I got glasses when I was seven. My vision is very, very bad. I switched to contact lenses in second year university - first year I mostly wandered around in a nearsighted blur, in a cross between 'the world's ugly' and 'I'm ugly in these glasses'.
Contacts suck. I mean, they're great. But they suck. I have weird eyes, so it's always a struggle to find contacts that don't rotate and make reality even wonkier than it already is. A couple years ago I started using dailies, which was a real ethical dilemma; it seems so wrong to be throwing out two little contact lenses and two little packages every day. Measure that against the bottles of solution I used to have to buy, and then discard? I don't know, man.
Anyway. The dailies are quite a bit better for going in easy and staying where they're supposed to, but they're still not perfect. It's quite a production of sticking them in and carefully not blinking until I look up, down, side to side and do an eyeroll or two. Then I blink and hope to hell everything is clear. This morning, it was not. I had to pull them out and re-insert twice, and eventually threw out the left one and started over entirely.
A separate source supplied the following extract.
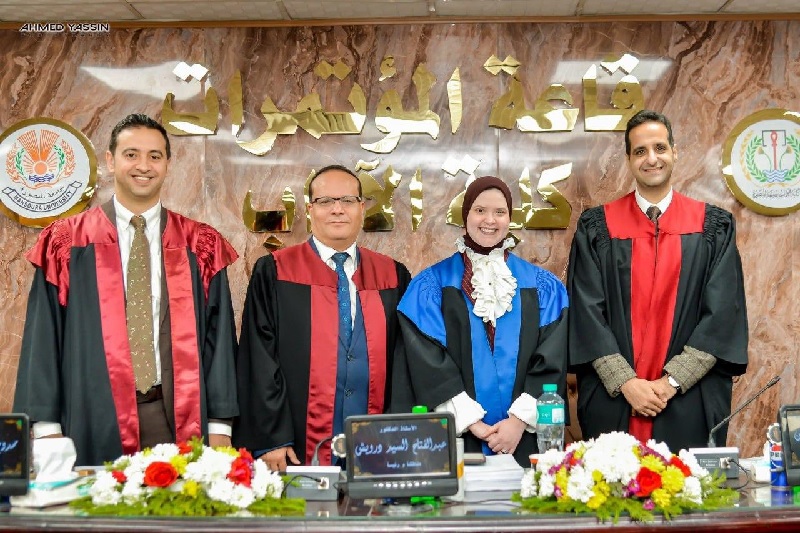 The family of the Faculty of Mass Communication—represented by Professor Dr. Mamdouh Mekawy, Dean of the Faculty; the Vice Deans; faculty members; the assisting staff; the Faculty Director; and all employees—extends its sincerest congratulations to Ms. Yasmin Mostafa,
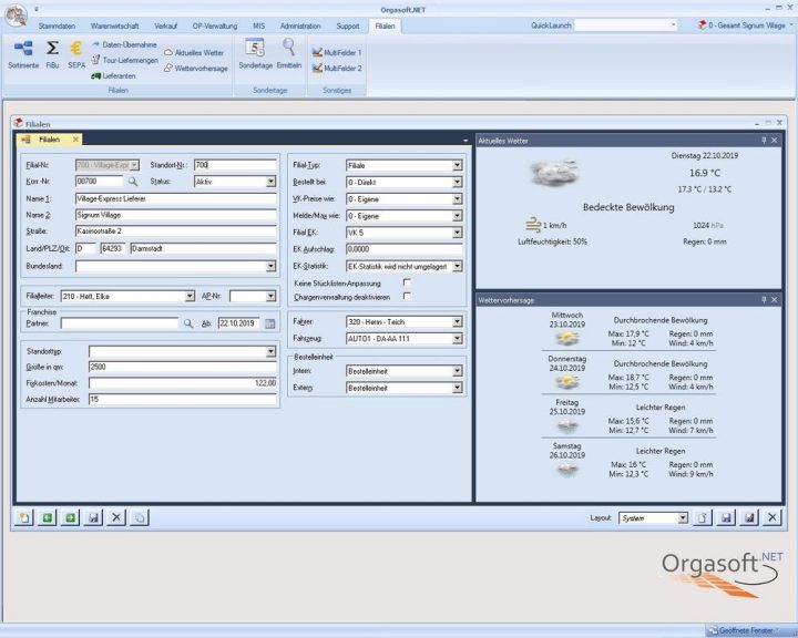 Darüber hinaus ermöglicht das neue Wetter-Add-In von Orgasoft.NET Analysen der Wetterabhängigkeit eines Geschäfts. Das Warenwirtschaftssystem speichert die vorhergesagten Wetterinfos in einer separaten Tabelle der Datenbank. Diese Daten lassen sich mit den Umsatzzahlen aus der Software zusammenbringen.

My back still hurt. My hair was terrible. We'd gotten some snow but the roads were basically fine, and people were still driving like they'd lost their minds. The returned books bin was overflowing and when I tried to pick up a few books off the top, a massive bookslide occurred. This was basically comical at this point - please understand this is all filed under 'annoying but trivial' in my mind.
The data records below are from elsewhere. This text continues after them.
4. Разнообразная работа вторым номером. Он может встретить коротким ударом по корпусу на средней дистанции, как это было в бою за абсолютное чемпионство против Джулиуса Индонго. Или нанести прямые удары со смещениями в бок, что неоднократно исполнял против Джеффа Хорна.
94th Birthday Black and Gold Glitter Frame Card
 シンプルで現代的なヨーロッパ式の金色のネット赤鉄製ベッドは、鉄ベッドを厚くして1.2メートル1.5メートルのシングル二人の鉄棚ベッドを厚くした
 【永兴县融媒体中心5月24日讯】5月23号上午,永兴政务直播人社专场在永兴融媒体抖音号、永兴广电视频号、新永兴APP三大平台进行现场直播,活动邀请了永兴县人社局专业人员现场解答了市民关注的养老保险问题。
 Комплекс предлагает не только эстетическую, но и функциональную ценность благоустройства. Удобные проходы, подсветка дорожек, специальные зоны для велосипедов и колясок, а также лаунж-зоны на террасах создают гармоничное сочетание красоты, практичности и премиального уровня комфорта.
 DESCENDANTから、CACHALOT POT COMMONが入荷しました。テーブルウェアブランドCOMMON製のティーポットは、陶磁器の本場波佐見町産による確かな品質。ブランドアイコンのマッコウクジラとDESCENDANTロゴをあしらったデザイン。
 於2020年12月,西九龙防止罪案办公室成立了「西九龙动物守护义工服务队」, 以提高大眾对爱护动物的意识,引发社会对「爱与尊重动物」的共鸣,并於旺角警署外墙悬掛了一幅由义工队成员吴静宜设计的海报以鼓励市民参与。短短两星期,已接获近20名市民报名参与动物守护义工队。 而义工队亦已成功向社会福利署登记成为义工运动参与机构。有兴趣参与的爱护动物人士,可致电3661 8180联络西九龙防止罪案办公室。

Then I realized I'd forgotten my lunch. I went onto my group chat with friends who live in Ottawa to join the complaint chorus - everyone is having a shit week. Nicole is absolutely right, I blame the time change, it's a tool of the devil.
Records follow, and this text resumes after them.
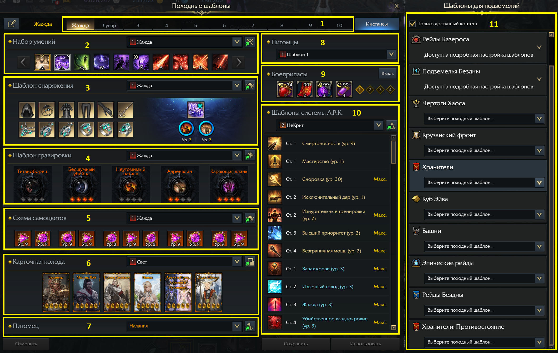 Многие из упомянутых вкладок требуют предварительной настройки. Например, для гравировок можно иметь вплоть до 10 пресетов, настраиваемых в окне Alt + I или в окне персонажа. Обратите внимание - слоты пресетов во вкладке походных шаблонов бесплатны и доступны по умолчанию, а некоторые из вкладок имеют ограниченное число доступных сразу слотов, количество которых можно увеличить с помощью кристаллов.
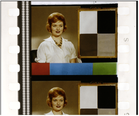 LW: The Timeline of Historical Colors in Photography and Film includes some examples of “China Girl” or “Shirley Cards”, which show colour swatches and grayscale cards, and, offer a point of reference for colour grading throughout the processing, developing and printing of photochemical film[iii]. Have you encountered any China Girl images in the films digitised by Scan2Screen? If so, do they offer a point of reference for understanding the effects of colour fading in the digitisation of authentic colour films?
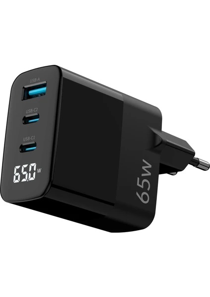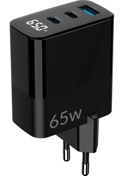 Juo 65W Gan LED Ekranlı Hızlı Şarj Cihazı 2 Type-C + Usb-A iPhone & iPad & Notebook Uyumlu Şarj Aleti
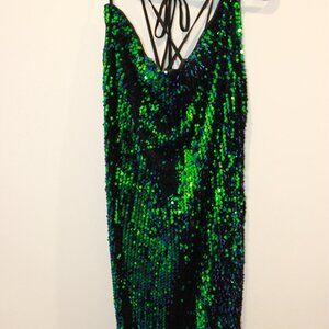 SHEIN BAE Crisscross Backless Split Thigh Sequin Cami Dress
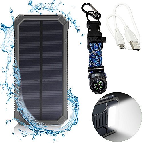 -. Feature : High Quality: Solar Phone Charger - Built-in 12000mAh polymer battery with a compact solar panel that can be used to recharge the battery in case of an emergency. Works with any 5V/1A-2.1A input / Dual USB charging ports: Allows you to charge two devices simultaneously through a 2.1A USB port suitable for iPads/Tablets and a 1.0A USB port for smartphones and other devices. / INCLUDES: Compass, Fire Starter, 10ft of paracord rope, usb cord and Carabiner Clip / Emergency flashlight: The integrated LED flashlight works perfectly for all your outdoor activities and is especially useful in case of an emergency. Includes two modes: constant flashlight, and flashing light for emergency use. / Durable, compact, and portable design: Water-resistant, shock-resistant and dust proof unit is perfect for outdoor activities. The included lanyard and carabiner further increase its utility by allowing you to hang it on your backpack.
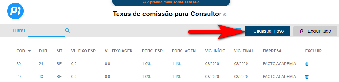 Para saber como gerar o relatório de comissão para os consultores, clique aqui.

My friend Holly lives close to my Thursday school and offered to bring me lunch. I said I was fine, I would just be even crankier. She told me to shut the fuck up because she was coming with food, so I might as well state my preferences. So I shut up and said thank-you.
I went down to the office and got my delicious-smelling paper bag and told everyone who asked about my breathtakingly kind and thoughtful friend, and assured them that I cherish her accordingly.
She brought me a cheese pie from Aladdin Bakery, and sliced up my apple (which is the only way I like to eat them, I have a horror of food touching my face), and gave me chocolate milk and a granola bar and a tiny little adorable Biscoff cookie. Basically she made me the best mom lunch ever.
Get yourself a friend like Holly. Seriously. |
After that it was like nothing could really go wrong. I read Ninja Red Riding Hood to my grade two class and we were all enchanted. I had the Perfect Library Experience of the elementary school librarian TWICE (a kid asks for a book, I look it up and the computer says we have it and its available, I can see the exact book as I'm approaching the shelf, I sweep it off the shelf with a flourish and place it in the kid's hand and the kid is delighted). A group of boys asked if they could start their Dungeons and Dragons game at recess for after-school games club, and I was extremely wary because having students in at recess went really badly last year. But they were perfectly behaved and thanked me when they left.
So everyone who wished me a better day today - stellar job, stellar. Overshot a little, even. You don't really ever deserve a friend like Holly. You just try to be adequately grateful.
Comments
Time change is the worst, and we are all a mess!
DOWN WITH THE TIME CHANGE.
I am very pleased to hear about the Perfect Library Experience. It really does sound magical when the stars align that way, to delight a child in the moment they are so eager for a specific book.